Livre mais forte em concelhos em que os jovens têm mais estudos, Chega onde há menos crime

Rodrigo Antunes / EPA

A candidata eleita pelo Livre à Assembleia da República, Joacine Katar Moreira

Os três novos partidos com assento parlamentar — Iniciativa Liberal, Chega e Livre — tem melhores resultados em concelhos com características muito diferentes.
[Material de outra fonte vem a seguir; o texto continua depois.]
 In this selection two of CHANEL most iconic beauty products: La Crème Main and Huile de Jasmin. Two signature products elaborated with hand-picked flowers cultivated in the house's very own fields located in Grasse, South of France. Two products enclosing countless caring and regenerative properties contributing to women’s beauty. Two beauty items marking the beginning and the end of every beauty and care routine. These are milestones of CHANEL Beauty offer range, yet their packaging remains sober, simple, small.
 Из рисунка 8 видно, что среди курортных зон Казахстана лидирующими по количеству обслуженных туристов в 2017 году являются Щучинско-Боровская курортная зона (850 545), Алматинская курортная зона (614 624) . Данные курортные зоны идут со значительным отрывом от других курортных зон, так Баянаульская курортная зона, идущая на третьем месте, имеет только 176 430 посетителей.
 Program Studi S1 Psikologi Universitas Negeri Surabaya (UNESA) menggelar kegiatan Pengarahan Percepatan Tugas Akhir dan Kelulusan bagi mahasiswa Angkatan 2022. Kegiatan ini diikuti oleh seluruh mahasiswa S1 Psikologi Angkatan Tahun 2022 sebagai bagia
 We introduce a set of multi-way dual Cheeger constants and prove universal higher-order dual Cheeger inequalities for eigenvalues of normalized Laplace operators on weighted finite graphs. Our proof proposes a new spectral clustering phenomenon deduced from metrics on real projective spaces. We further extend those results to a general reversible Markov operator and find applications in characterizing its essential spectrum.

Nas eleições Legislativas de domingo, com base nos resultados do território nacional (falta ainda apurar os votos e atribuir os quatro mandatos da emigração), o PS foi o partido mais votado, com 36,65% dos votos e elegeu 106 deputados, seguindo-se o PSD, com 27,90% e 77 eleitos, e o BE, com 9,67% e 19 deputados.
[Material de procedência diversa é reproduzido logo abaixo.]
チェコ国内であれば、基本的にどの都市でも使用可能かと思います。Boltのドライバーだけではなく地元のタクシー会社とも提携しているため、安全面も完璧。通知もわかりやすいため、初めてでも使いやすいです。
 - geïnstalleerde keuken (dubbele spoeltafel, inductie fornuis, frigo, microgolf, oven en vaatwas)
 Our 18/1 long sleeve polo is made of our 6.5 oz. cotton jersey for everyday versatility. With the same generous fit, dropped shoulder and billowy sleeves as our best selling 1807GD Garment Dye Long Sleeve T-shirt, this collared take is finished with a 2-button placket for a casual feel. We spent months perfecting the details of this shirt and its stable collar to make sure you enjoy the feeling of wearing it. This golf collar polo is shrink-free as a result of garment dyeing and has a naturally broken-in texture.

A CDU foi a quarta força mais votada, com 6,46%, elegendo 12 deputados, 10 do PCP e dois do PEV. O CDS-PP obteve 4,25% e elegeu cinco deputados, mais um do que o PAN, que recolheu 3,28% dos votos.

Chega, Iniciativa Liberal e Livre conseguiram, pela primeira vez, um deputado cada um, com votações entre os 1,30% e os 1,09%.

Mas como é que se distribuem os votos pelos concelhos? Onde é que os partidos tiveram os melhores resultados? O portal de dados estatísticos EyeData, da agência Lusa, cruzou os resultados com um conjunto de variáveis económicas e sociais e retirou daí algumas conclusões.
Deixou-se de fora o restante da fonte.